Hearing aids (HAs) are widely used to provide personalized speech enhancement (PSE) services, improving the quality of life for individuals with hearing loss. However, HA performance significantly declines in noisy environments as it treats noise reduction (NR) and hearing loss compensation (HLC) as separate tasks. This separation leads to a lack of systematic optimization, overlooking the interactions between these two critical tasks, and increases the system complexity. To address these challenges, we propose a novel audiogram fusion network, named AFN-HearNet, which simultaneously tackles the NR and HLC tasks by fusing cross-domain audiogram and spectrum features. We propose an audiogram-specific encoder that transforms the sparse audiogram profile into a deep representation, addressing the alignment problem of cross-domain features prior to fusion. To incorporate the interactions between NR and HLC tasks, we propose the affine modulation-based audiogram fusion frequency-temporal Conformer that adaptively fuses these two features into a unified deep representation for speech reconstruction. Furthermore, we introduce a voice activity detection auxiliary training task to embed speech and non-speech patterns into the unified deep representation implicitly. We conduct comprehensive experiments across multiple datasets to validate the effectiveness of each proposed module. The results indicate that the AFN-HearNet significantly outperforms state-of-the-art in-context fusion joint models regarding key metrics such as HASQI and PESQ, achieving a considerable trade-off between performance and efficiency. The source code and data will be released at https://github.com/deepnetni/AFN-HearNet.

查看原文本刊更多论文

基于仿射调制的听图融合网络联合降噪和听力损失补偿

助听器（HAs）广泛用于提供个性化的语音增强（PSE）服务，改善听力损失患者的生活质量。然而，HA性能在嘈杂环境中显著下降，因为它将降噪（NR）和听力损失补偿（HLC）视为单独的任务。这种分离导致缺乏系统优化，忽略了这两个关键任务之间的交互，并增加了系统的复杂性。为了解决这些挑战，我们提出了一种新的听力图融合网络，名为AFN-HearNet，它通过融合跨域听力图和频谱特征来同时解决NR和HLC任务。我们提出了一种特定于听力图的编码器，它将稀疏的听力图轮廓转换为深度表示，解决了融合之前跨域特征的对齐问题。为了结合NR和HLC任务之间的相互作用，我们提出了基于仿射调制的听力图融合频率-时间共形器，该方法自适应地将这两个特征融合到一个统一的深度表征中，用于语音重建。此外，我们引入了语音活动检测辅助训练任务，将语音和非语音模式隐式嵌入到统一的深度表示中。我们在多个数据集上进行了全面的实验，以验证每个提出模块的有效性。结果表明，AFN-HearNet在关键指标（如HASQI和PESQ）方面明显优于最先进的上下文融合关节模型，在性能和效率之间实现了相当大的权衡。源代码和数据将在https://github.com/deepnetni/AFN-HearNet上发布。

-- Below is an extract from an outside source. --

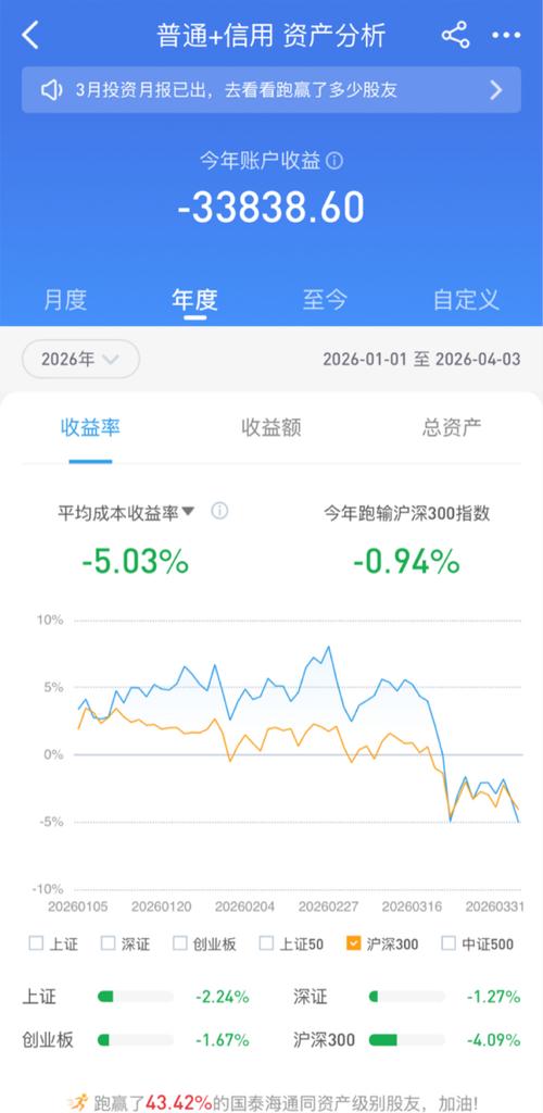 (一)股票资产分析 一、本周主账户浮亏1.98万2026年浮亏3.38万,仅跑赢43.43%国泰海通同资产股友。 历史回顾2023年跑赢85.47%;2024年跑赢86.38%;2025年跑赢78.8%;开户至今跑赢88.46%。 按七亏二平一盈的定律,始终没有进入10%前列。 2026年3月亏损创历史最高,但2月才创下市值历史新高啊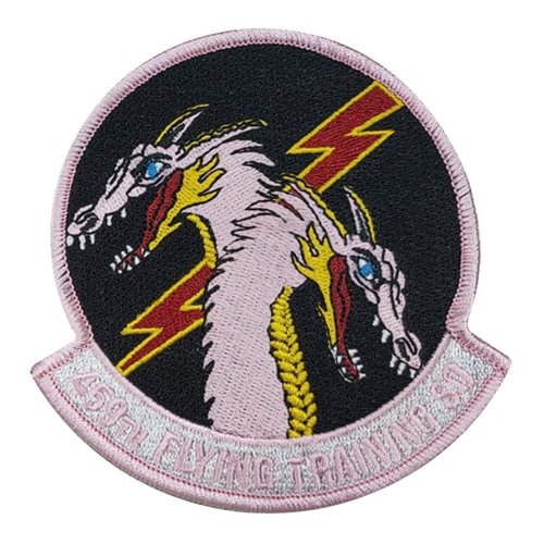 Custom patches for the 459th Flying Training Squadron at Sheppard Air Force Base, Texas. Our 459 FTS patches are 100% embroidered with Velcro backing.

本文章由计算机程序翻译，如有差异，请以英文原文为准。

求助全文

约1分钟内获得全文求助全文

来源期刊

Information Fusion 工程技术-计算机：理论方法

CiteScore

33.20

自引率

4.30%

发文量

161

审稿时长

7.9 months

期刊介绍： Information Fusion serves as a central platform for showcasing advancements in multi-sensor, multi-source, multi-process information fusion, fostering collaboration among diverse disciplines driving its progress. It is the leading outlet for sharing research and development in this field, focusing on architectures, algorithms, and applications. Papers dealing with fundamental theoretical analyses as well as those demonstrating their application to real-world problems will be welcome.